### WHAT IS BEING ASKED
Would you reproduce each line below exactly, leaving every picture out?

### COLLECTED DATA

%%

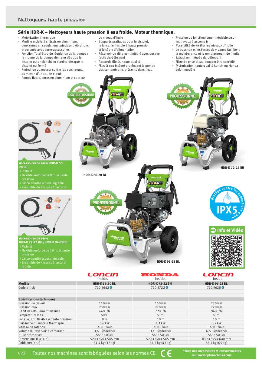 Nettoyeurs à haute pression à l’eau froide HDR-K 96-28 BL. Moteur thermique.
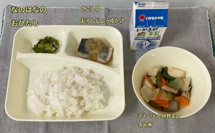 ※さごしのおろしじょうゆかけ ※さといもと野菜の含め煮
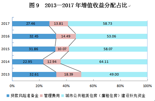 (五)支持保障性住房建设。2017年,提取城市公共租赁住房(廉租住房)建设补充资金占当年增值收益的59.43%。2017年末,累计为城市公共租赁住房(廉租住房)建设提供补充资金2904.59亿元。
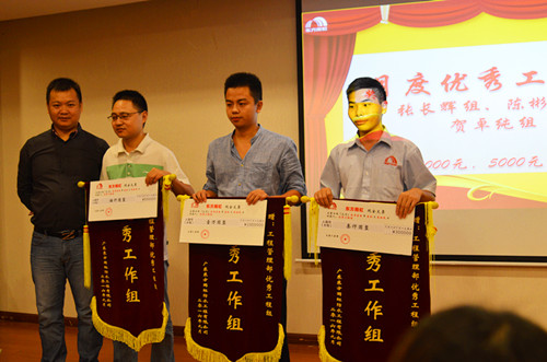 10月22日,以“矢志不移,奮力沖刺”為主題的廣東東方雨虹第三季度業(yè)務(wù)&工程表彰動(dòng)員大會(huì)在涵天酒店舉行。廣東東方雨虹常務(wù)副總經(jīng)理孫福琴、總工程師周子鵠、總經(jīng)理助理張舜苗、總經(jīng)理助理王超以及業(yè)務(wù)系統(tǒng)、工程系統(tǒng)共計(jì)100多名員工出席了此次會(huì)議。 為及時(shí)表彰績(jī)優(yōu)者,增強(qiáng)員工、團(tuán)隊(duì)榮譽(yù)感,傳遞正能量,本次會(huì)議頒發(fā)了業(yè)務(wù)系統(tǒng)優(yōu)秀銷(xiāo)售團(tuán)隊(duì)獎(jiǎng)、維護(hù)獎(jiǎng)、開(kāi)拓精英獎(jiǎng)及工程系統(tǒng)優(yōu)秀工程組獎(jiǎng)、施工管理精英獎(jiǎng)、施工回款獎(jiǎng)等6個(gè)獎(jiǎng)項(xiàng),共計(jì)4個(gè)優(yōu)秀團(tuán)隊(duì)、6位員工獲得了獎(jiǎng)勵(lì)。會(huì)上,常務(wù)副總經(jīng)理孫福琴和總工程師周子鵠結(jié)合表彰情況作動(dòng)員發(fā)言,表示業(yè)務(wù)工程不分家,兩大系統(tǒng)要換位思考,相互配合,與公司共成長(zhǎng)、同發(fā)展。

%%

### WRITTEN ANSWER
 Nettoyeurs à haute pression à l’eau froide HDR-K 96-28 BL. Moteur thermique.
 ※さごしのおろしじょうゆかけ ※さといもと野菜の含め煮
 (五)支持保障性住房建设。2017年,提取城市公共租赁住房(廉租住房)建设补充资金占当年增值收益的59.43%。2017年末,累计为城市公共租赁住房(廉租住房)建设提供补充资金2904.59亿元。
 10月22日,以“矢志不移,奮力沖刺”為主題的廣東東方雨虹第三季度業(yè)務(wù)&工程表彰動(dòng)員大會(huì)在涵天酒店舉行。廣東東方雨虹常務(wù)副總經(jīng)理孫福琴、總工程師周子鵠、總經(jīng)理助理張舜苗、總經(jīng)理助理王超以及業(yè)務(wù)系統(tǒng)、工程系統(tǒng)共計(jì)100多名員工出席了此次會(huì)議。 為及時(shí)表彰績(jī)優(yōu)者,增強(qiáng)員工、團(tuán)隊(duì)榮譽(yù)感,傳遞正能量,本次會(huì)議頒發(fā)了業(yè)務(wù)系統(tǒng)優(yōu)秀銷(xiāo)售團(tuán)隊(duì)獎(jiǎng)、維護(hù)獎(jiǎng)、開(kāi)拓精英獎(jiǎng)及工程系統(tǒng)優(yōu)秀工程組獎(jiǎng)、施工管理精英獎(jiǎng)、施工回款獎(jiǎng)等6個(gè)獎(jiǎng)項(xiàng),共計(jì)4個(gè)優(yōu)秀團(tuán)隊(duì)、6位員工獲得了獎(jiǎng)勵(lì)。會(huì)上,常務(wù)副總經(jīng)理孫福琴和總工程師周子鵠結(jié)合表彰情況作動(dòng)員發(fā)言,表示業(yè)務(wù)工程不分家,兩大系統(tǒng)要換位思考,相互配合,與公司共成長(zhǎng)、同發(fā)展。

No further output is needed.